Therefore, the aim of the present study was to investigate the hemispheric laterality of MMNm evoked by spectral versus temporal sound deviants that do not convey specific phonological, grammatical, or musical information. In order to exclude the possibility that the laterality of the MMNm originated from the sound stimulus itself, we counter-balanced total auditory inputs identical between spectral and temporal deviant conditions.

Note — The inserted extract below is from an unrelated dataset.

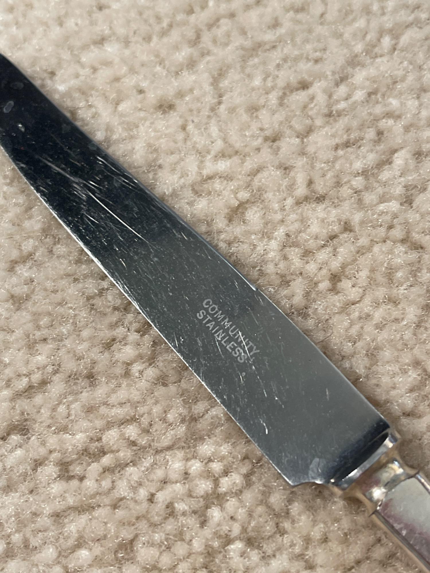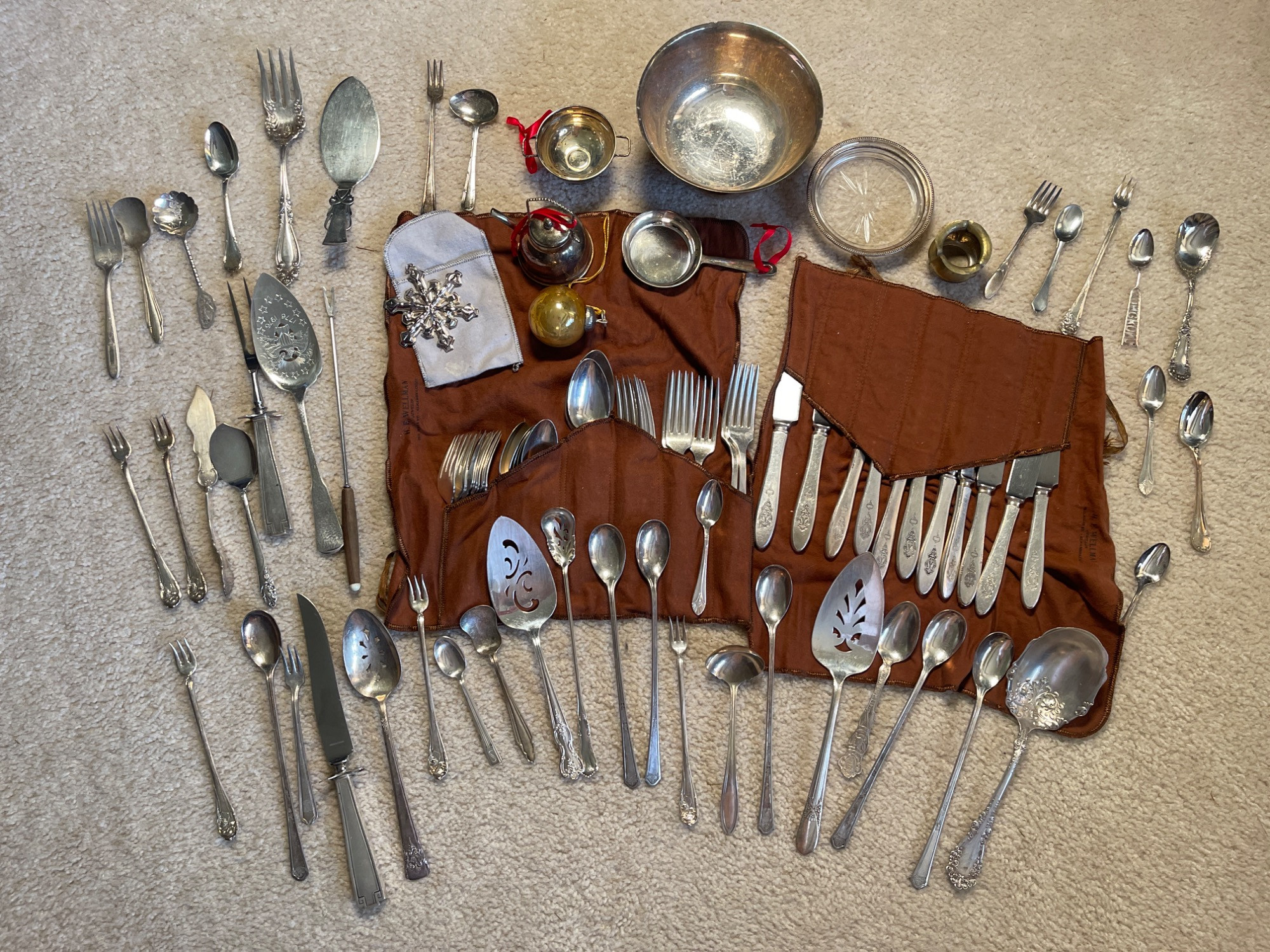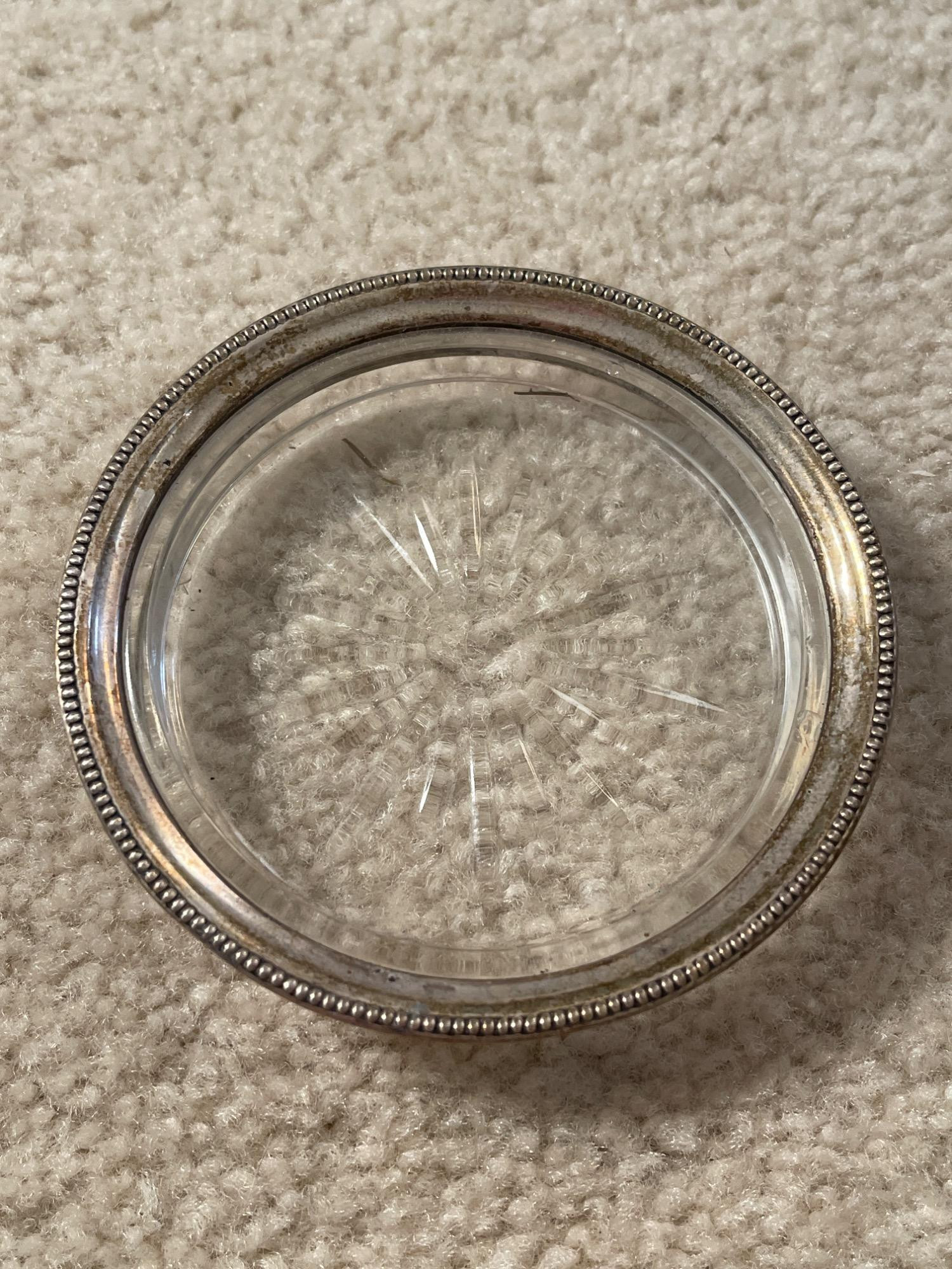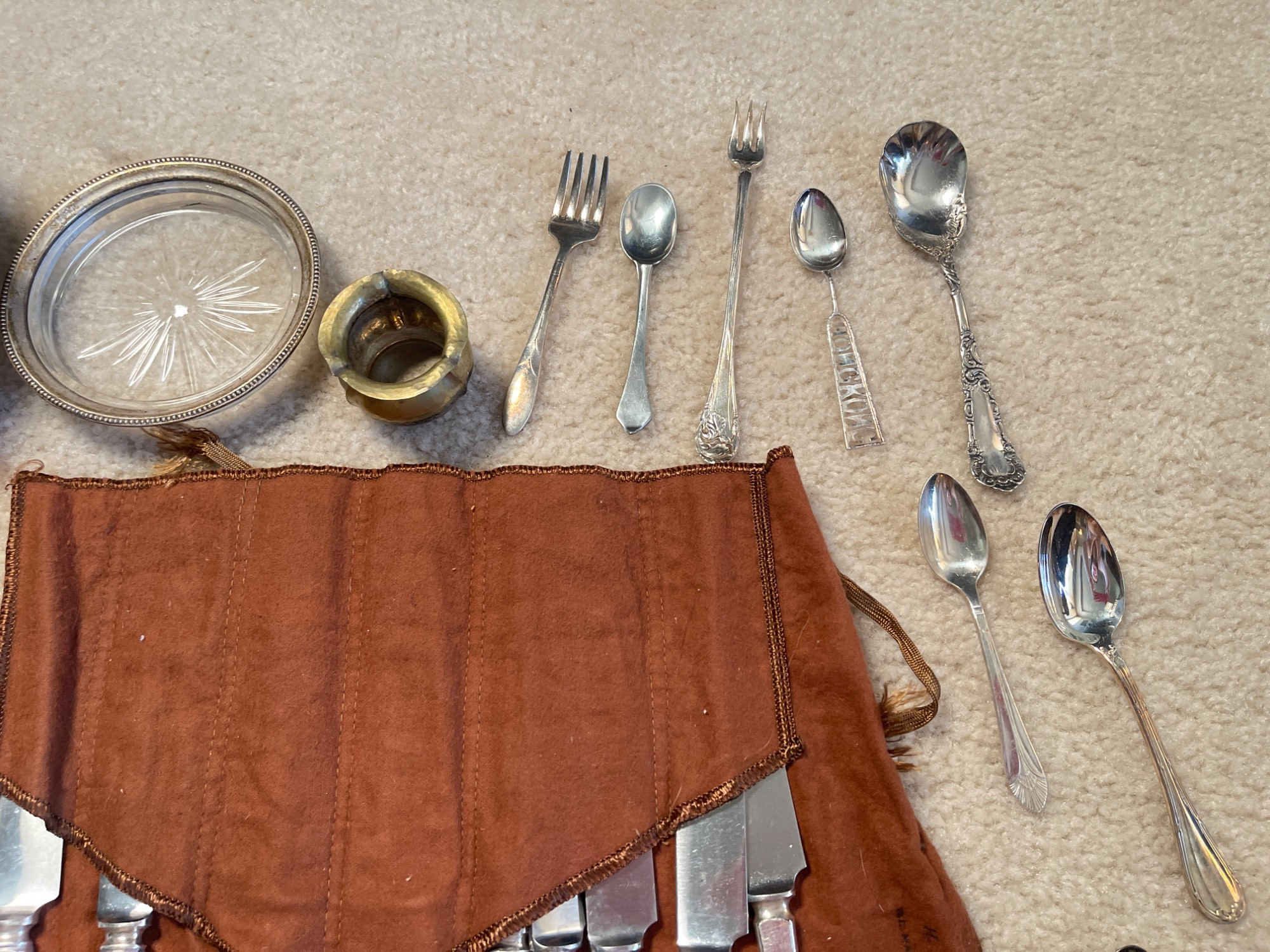 Assorted Vintage Silverware and Serveware Silver-rimmed coaster is sterling silver. Condition: All have some tarnishing, but are in good used condition. Measurements: Smallest: 4" L Largest: 10.5" L

The results of the present study provide a new insight into how the left and right hemispheres pre-attentively deal with the spectral and temporal features of natural sound signals.
Materials and Methods
Subjects
Thirteen healthy subjects participated in this study (five females; mean ± standard deviation: 32.1 ± 6.2 years). All participants had normal hearing, had no history of psychological or neurological disorders, and were unambiguously right-handed [assessed via the Japanese version of ‘‘Edinburgh Handedness Inventory’’ (Oldfield 1971)]. All participants were fully informed about the study and gave written informed consent for their participation in accordance with the procedures approved by the Ethics Commission of the National Institute for Physiological Sciences, Okazaki, Japan. The study conformed to the Code of Ethics of the World Medical Association (Declaration of Helsinki).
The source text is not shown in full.